2. Character development
The protagonist, Henry Fleming, undergoes a significant transformation throughout the novel. At the beginning, he is a young man eager to prove his bravery and achieve military glory. However, as he experiences the horrors of war, he becomes disillusioned with his idealistic notions and learns to face his fears. The gradual evolution of Henry’s character is compelling and adds depth to the novel.
3. Exploration of themes
The Red Badge of Courage explores a range of themes, including the nature of courage, the effects of war on individuals, and the human condition. The novel’s thought-provoking exploration of these themes makes it a timeless work of literature.
Critique
1. Limited perspective
While “The Red Badge of Courage” offers a realistic portrayal of the Civil War, it is limited in its perspective. The novel only focuses on the experiences of one soldier, Henry Fleming, and does not provide a broader view of the war.
2. Lack of diversity
The novel’s cast of characters is not diverse, which is reflective of the time period in which it was written. It primarily features white male soldiers, which may make it difficult for some readers to relate to the story.

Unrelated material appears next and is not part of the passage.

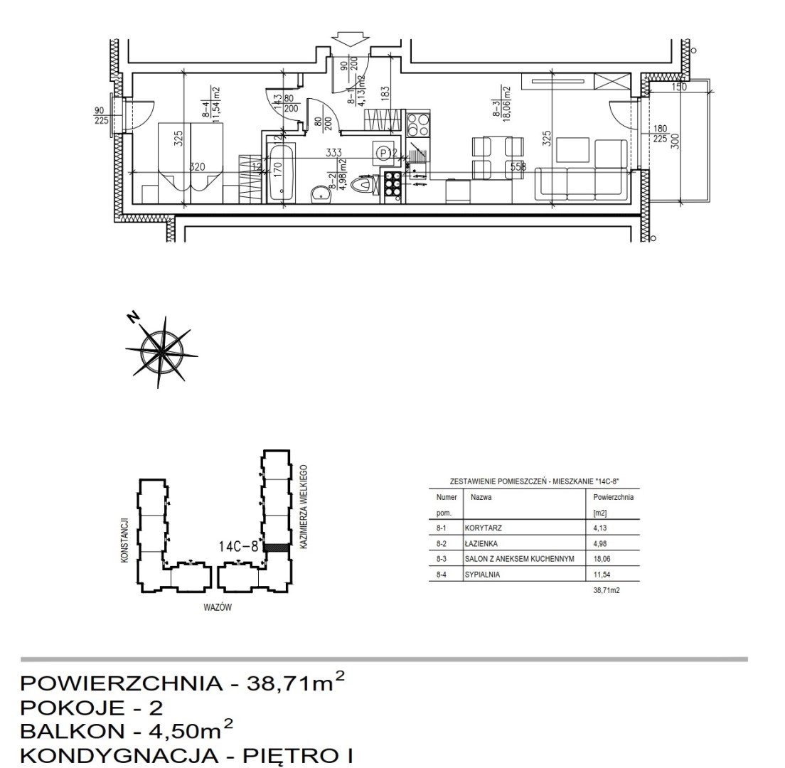 MIESZKANIE 2 POKOJOWE O POW. 38,33 M2 W STANIE DEWELOPERSKIM (I PIĘTRO)

3. Overly simplistic portrayal of the enemy
The novel portrays the enemy soldiers in a one-dimensional manner, as faceless villains with no individuality or humanity. This simplistic portrayal of the enemy may be seen as a flaw in the novel’s otherwise nuanced depiction of war.
Conclusion
The Red Badge of Courage is a powerful and realistic portrayal of the experiences of a young soldier during the American Civil War. Through the character of Henry Fleming, Crane vividly captures the fear, confusion, and eventual bravery that many soldiers experienced in the midst of battle.
Despite being born after the war and having no direct experience of it, Crane’s novel is known for its authenticity, drawing inspiration from contemporary and written accounts of the war, including the Chancellorsville War, and possibly interviews with veterans.

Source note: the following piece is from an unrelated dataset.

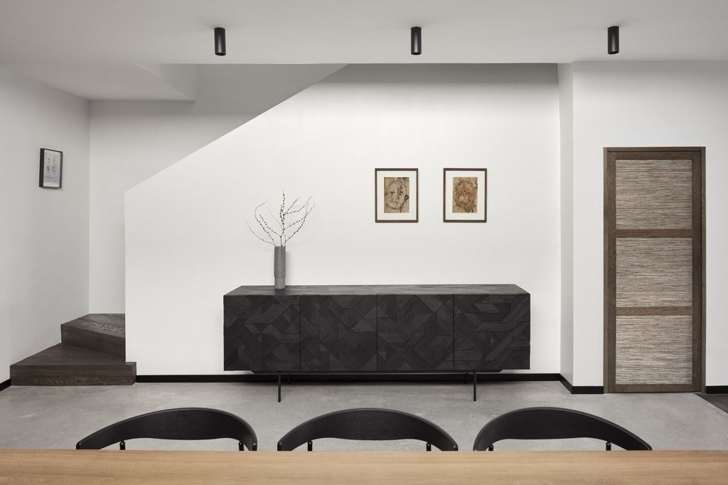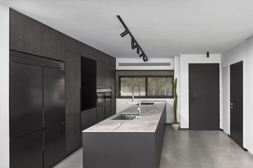 גם מטבח העץ נצבע בשחור, לצדו חלון רחב עם תריסים שחורים, ועל אי העבודה פלטת גרניט פורצלן כהה דמויית שיש. לצדו, פינת האוכל, עם שולחן בסגנון סקנדינבי פשוט ונקי, וסביבו כיסאות שחורים.

Through Henry’s journey, readers gain insight into the psychological toll of war and the difficult process of discovering courage and self-understanding in the face of death.
Stephen Crane, a famous author, was born in Newark, New Jersey in 1871 and passed away from tuberculosis when he was only 29 years old. As the son of a minister, he rebelled against his family’s religious beliefs and social values at an early age.
Although he had to cut short his college education due to poor grades and his mother’s death, Crane was well-educated in the streets. He worked as a newspaper journalist in New York City for five years, where he wrote about the poorest sections of the city. He also lived adventurously and traveled extensively.
Crane is best known for his works, including Maggie: A Girl of the Streets (1893) and The Open Boat and Other Tales of Adventure (1898). In his writing, he depicted people as victims of the harsh forces within themselves and their environment.